TV dramas colored by Mexico’s drug violence

LOS ANGELES (AP) — When “Breaking Bad” features its own “narcocorrido” — drug ballad — in an upcoming episode, it’s clear that Mexico’s bloody narcotics trafficking culture has seeped into the TV drama. The same is true for “Weeds,” which shifted from homegrown American drug stories when it transplanted its marijuana-dealing mom closer to the California-Mexican border last season. The specter of real-world drug violence is putting a sharper, darker edge on the TV dramas even as Mexico’s casualties spiral beyond the stuff of fiction. Both AMC’s “Breaking Bad” and Showtime’s “Weeds” remain focused on domestic worlds and characters who turn to crime because of financial pressures, the shows’ producers say, but the devastating foreign narcotics wars can’t be ignored.
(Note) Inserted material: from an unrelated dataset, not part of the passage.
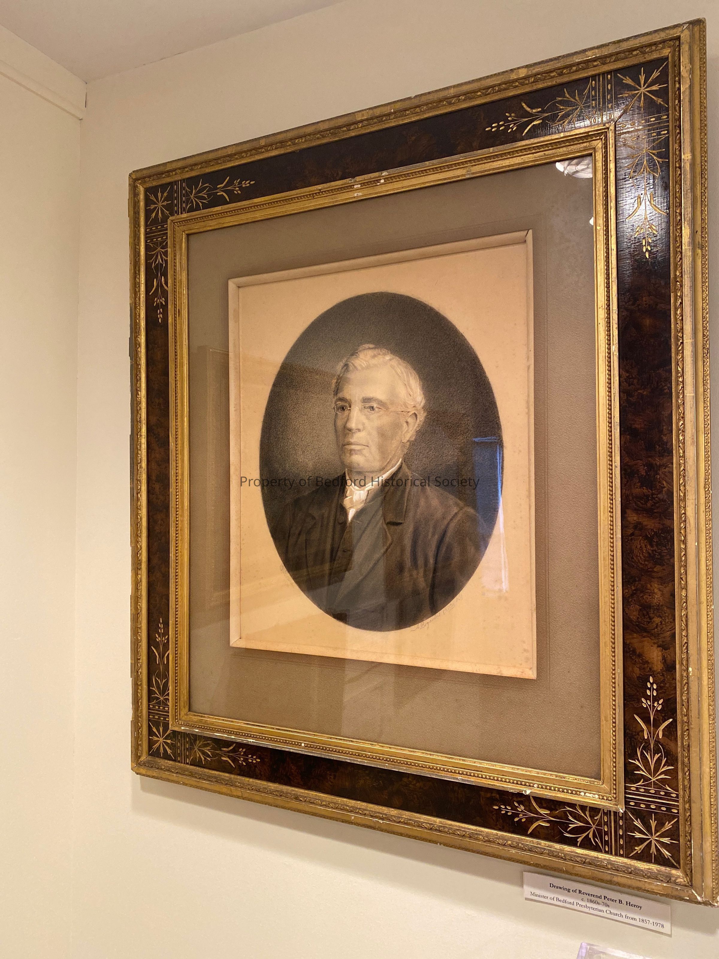 Framed drawing of Reverend Peter B. Heroy, minister of Bedford Presbyterian Church from 1857-1878, frame is wood with carved gold swirl design with gold interior and exterior border

Drug violence has spiked since Mexican President Felipe Calderon began a national crackdown on organized crime in 2006. Battles among cartels, their rivals and soldiers have led to nearly 9,000 deaths and a cross-border crime spillover. In recent weeks, the mayhem has included a grenade attack on a city police chief’s house and a police station in the western state of Michoacan, and a deadly campaign aimed at killing a Ciudad Juarez officer every 48 hours to force the police chief to resign. “We don’t live in a vacuum and when my writers and myself read these stories in the newspapers, naturally our minds turn to the idea of incorporating some of these elements into our series,” said “Breaking Bad” creator Vince Gilligan. The Emmy Award-winning series stars Bryan Cranston as a cancer-stricken New Mexico chemistry teacher, Walter White, who becomes a methamphetamine maker to leave his family secure. This week, it received a Peabody Award, a prize given by the University of Georgia for excellence in radio and television broadcasting. The show’s first year ended in a crescendo of brutality. Walter started doing business with a Mexican drug lord who, in the season finale, beat an underling in a fatal frenzy — leaving Walter to deal with the aftermath in this year’s opening episode. In the April 19 episode, Walter’s brother-in-law Hank (Dean Norris), an agent with the Drug Enforcement Agency, starts work with a task force that includes the Mexican federal police. “I don’t want to give away the plot, but Hank does spend a little time outside Juarez (Ciudad Juarez, near El Paso in northern Mexico) and witnesses some pretty remarkable things,” Gilligan said.